8. What character represents spaces when we tokenize by character? __YOUR ANSWER HERE__
9. Read the word2vec documentation. What do the following parameters signify?
    - embeddings_size: __YOUR ANSWER HERE__
    - window: __YOUR ANSWER HERE__
    - min_count: __YOUR ANSWER HERE__
    - sg: __YOUR ANSWER HERE__

In [11]:
# 10 points
# create your word embeddings
# use the skip gram algorithm and a window size of 5
# min_count should be 1
# takes ~3.3 sec on Felix's computer for character embeddings using skip-gram with window size 5
# takes ~3.3 sec on Felix's computer for word embeddings using skip-gram with window size 5

import numpy as np


def train_word2vec(data: list[list[str]], embeddings_size: int,
                    window: int = 5, min_count: int = 1, sg: int = 1) -> Word2Vec:
    """
    Create new word embeddings based on our data.

    Params:
        data: The corpus
        embeddings_size: The dimensions in each embedding

    Returns:
        A gensim Word2Vec model
        https://radimrehurek.com/gensim/models/word2vec.html
    """

    return Word2Vec(sentences=data, window=5, min_count=1)

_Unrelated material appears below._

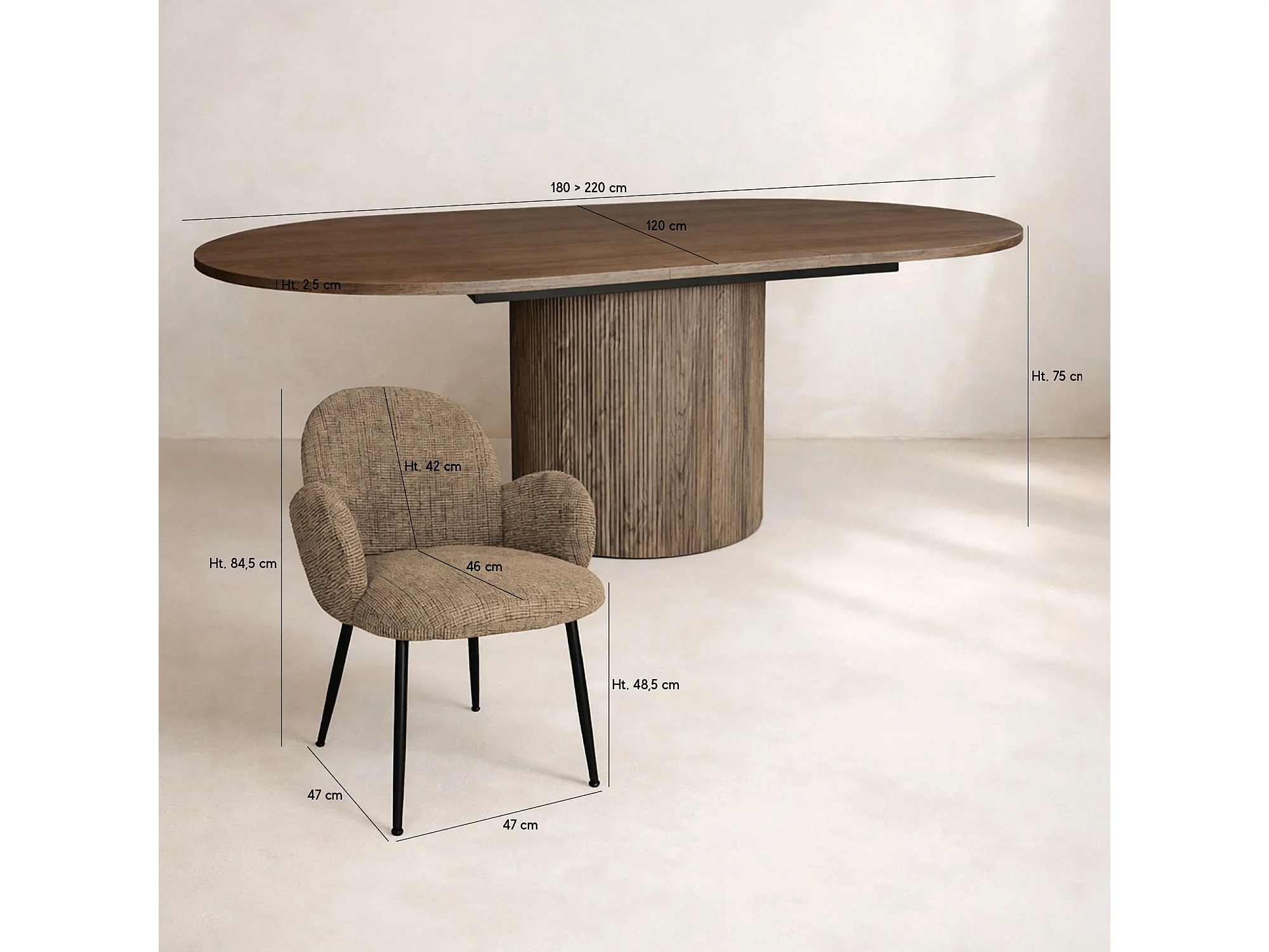 Now's Home - Ensemble Table Ovale Extensible Et 6 Fauteuils En Tweed

# After you are happy with this function, copy + paste it into the bottom of 
# your neurallm_utils.py file
# You'll need it for the next task!
def create_embedder(raw_embeddings: Word2Vec) -> torch.nn.Embedding:
    """
    Create a PyTorch embedding layer based on our data.

    We will *first* train a Word2Vec model on our data.
    Then, we'll use these weights to create a PyTorch embedding layer.
        `nn.Embedding.from_pretrained(weights)`


    PyTorch docs: https://pytorch.org/docs/stable/generated/torch.nn.Embedding.html#torch.nn.Embedding.from_pretrained
    Gensim Word2Vec docs: https://radimrehurek.com/gensim/models/word2vec.html

    Pay particular attention to the *types* of the weights and the types required by PyTorch.

    Params:
        data: The corpus
        embeddings_size: The dimensions in each embedding

    Returns:
        A PyTorch embedding layer
    """

    # Hint:
    # For later tasks, we'll need two mappings: One from token to index, and one from index to tokens.
    # It might be a good idea to store these as properties of your embedder.
    # e.g. `embedder.token_to_index = ...`
    
    word_vectors = raw_embeddings.wv
    vocab = word_vectors.index_to_key
    token_to_index = {word: idx for idx, word in enumerate(vocab)}
    index_to_token = {idx: word for word, idx in token_to_index.items()}
    weights = torch.FloatTensor(np.array([word_vectors[word] for word in vocab]))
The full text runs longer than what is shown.